Gloss measurements at a 60° angle, applied on dark glass, are presented in Table 3. Alkyd paints showed high gloss values, close to 70 gloss units, typical for alkyd resins [45]. The bio-alkyd (BA) paints exhibited even higher gloss values, suggesting that the lignin enhances a smoother surface finish.
Persoz pendulum hardness was assessed after one month of air drying at RT (Table 3). The BA formulations demonstrated fewer oscillations, indicating a slower drying process compared to the conventional alkyd formulations. This trend was also observed in BA variants with bioadditives like thymol and hop soft resin, in contrast to the faster drying of A paints with or without bioadditives.

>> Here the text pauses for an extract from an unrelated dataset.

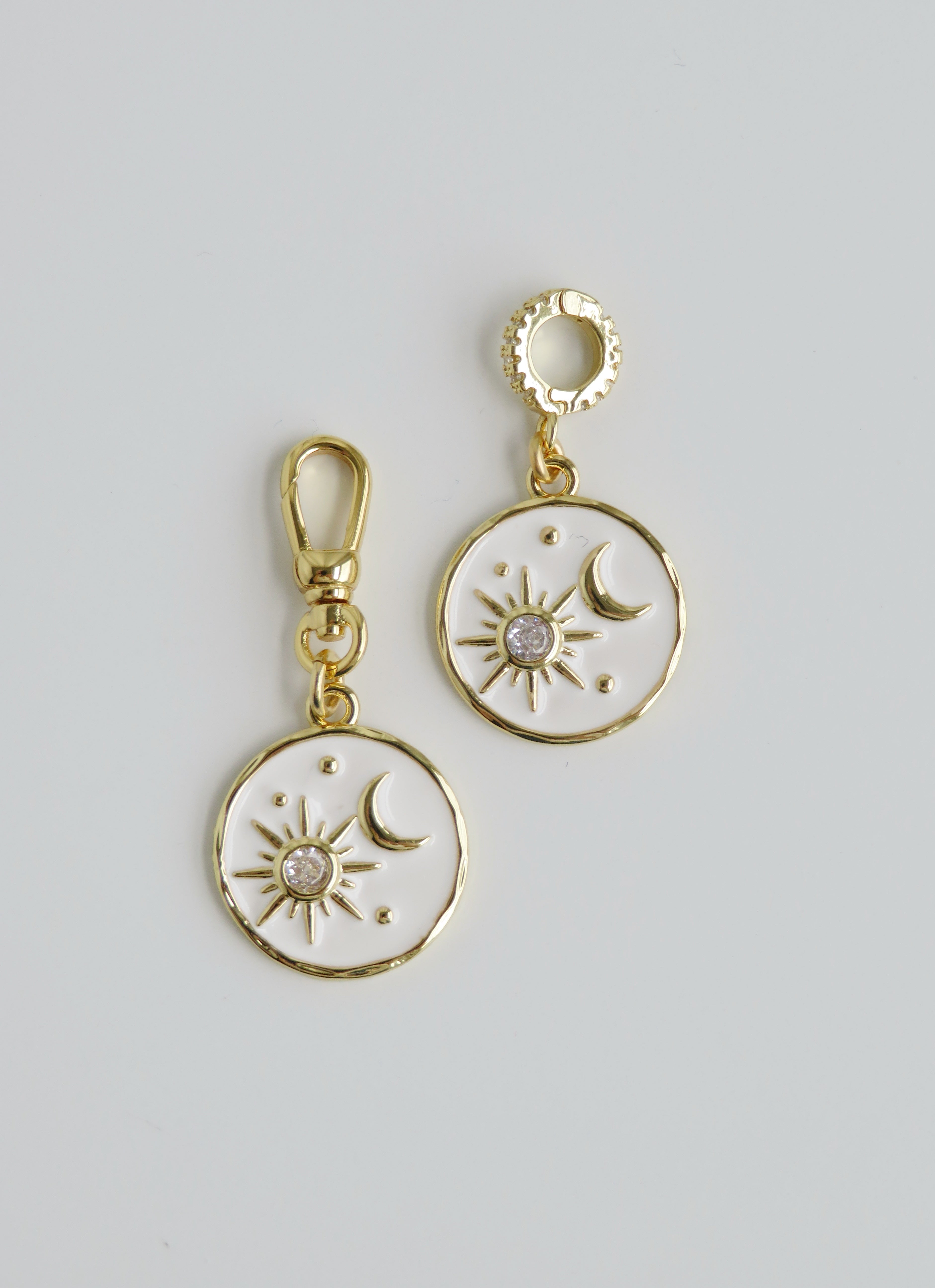 White Enamel Celestial Charm on a diamond or swivel Clasp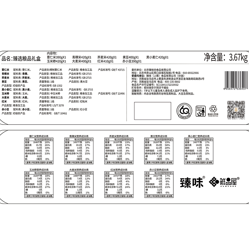 390g薏仁米*1 420g青稞米*1 420g荞麦米*1 400g黄豆*1 420g黑小麦仁*1 420g玉米糁*1 400g大麦米*1 410g红米*1 390g赤小豆*1

Paint hardness is influenced by factors such as chain flexibility and the degree of crosslinking within the polymer network. Additionally, external factors, including substrate type, coating–substrate adhesion, and coating heterogeneity, affect hardness measurements [28].
Paint adhesion to metal substrates was evaluated using a cross-cut adhesion test (Table 4). The results indicated a significant improvement in adhesion when a primer was applied, as evidenced by smooth cut edges (class 0). Samples without primer exhibited minor edge defects (class 1).

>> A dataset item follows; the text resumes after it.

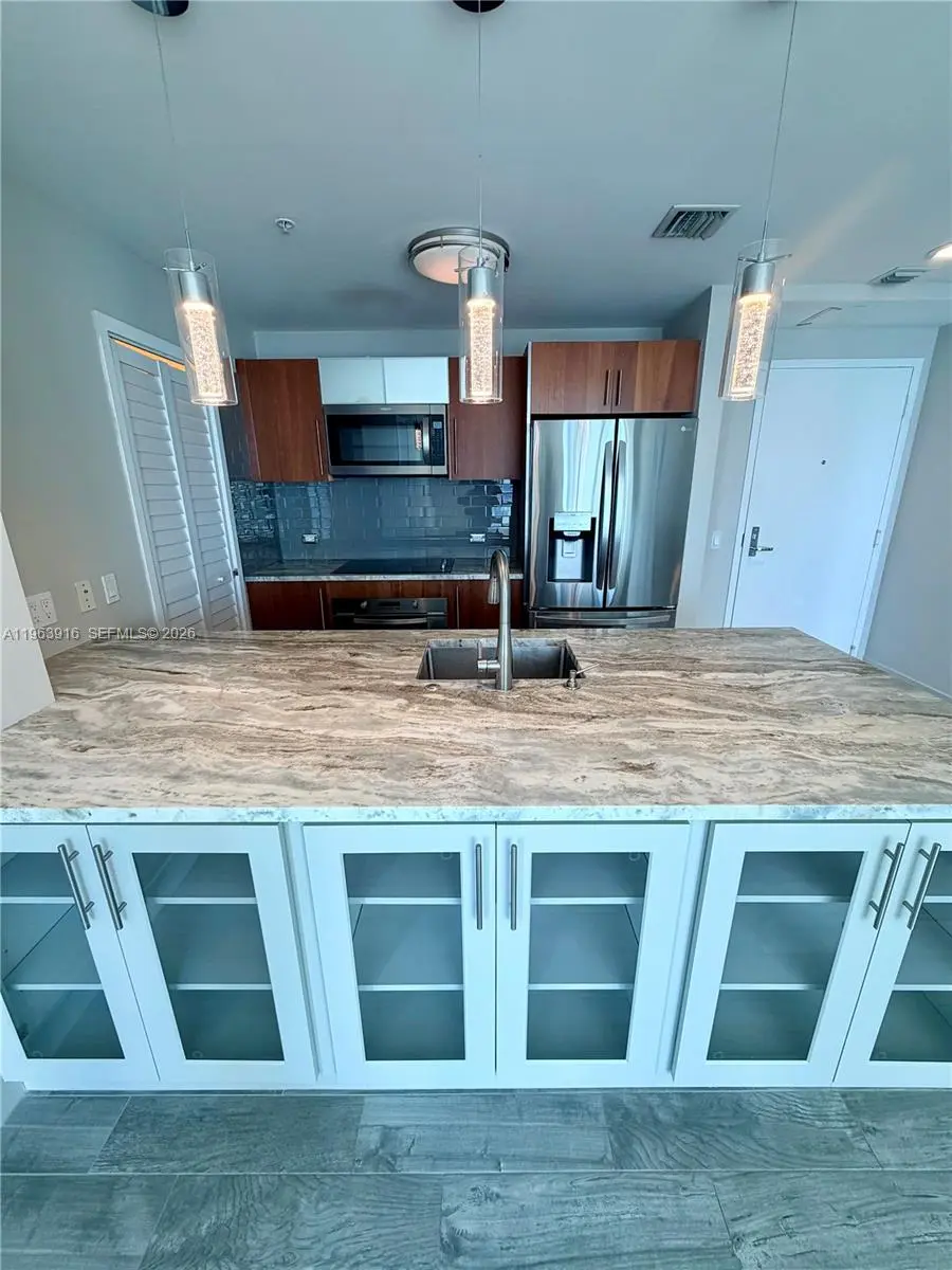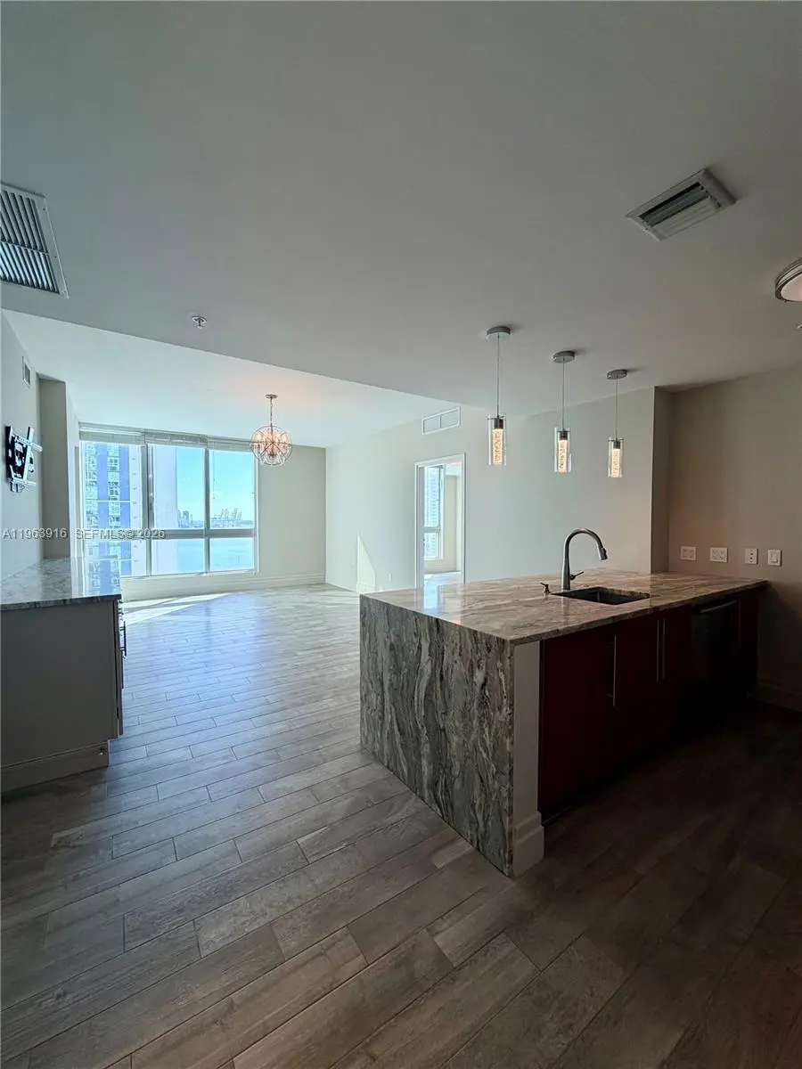 Enjoy stunning direct water views from the moment you enter and from every room in this beautifully renovated residence. This tastefully upgraded unit features Italian tile floors that look like wood, abundant storage, a spacious kitchen with island and high-end stone finishes, pantry closet, upgraded appliances, and a newer washer and dryer. Built-out closets and elegant glass accent shelving add both function and style. Impeccably maintained, freshly painted, and in pristine, move-in-ready condition. Ideally located in Downtown Miami just one block from Brickell, this building offers unbeatable walkability — one block to Whole Foods, Bayfront Park, and the free Metromover; four blocks to Bayside Marketplace; five blocks to Brickell City Centre; and countless dining, shopping, and entertainment options just steps away. Full-service building amenities include 24-hour security, gated garage with one assigned parking space, expansive fitness center, billiards room, business center, party room, sauna, and a resort-style pool currently being renovated and expected to reopen by late Spring. Rent includes one parking space, basic cable, internet, water, trash, and full access to all amenities. A rare opportunity to lease a high-quality, exceptionally maintained residence in an unbeatable location.

Both A-REF and BA-REF paints displayed good levelling and appearance, confirmed via FE-SEM analysis. SEM images (Figure 3) revealed detailed nanometric structures with a smooth and homogeneous film surface, devoid of notable defects such as blisters, craters, or cracks.
Water sensitivity was assessed by immersing samples in water for 24 h, and their appearance was recorded (Figure 4). The BA paint exhibited slight bleaching. This suggests that after 24 h of immersion in water, the lignin in the paint interacts with water through its polar areas, such as the hydroxyl and carbonyl groups. Upon drying, the areas where bleaching has occurred release the absorbed water, recovering their original appearance, indicating that the effect is reversible after drying (after 24 h in air).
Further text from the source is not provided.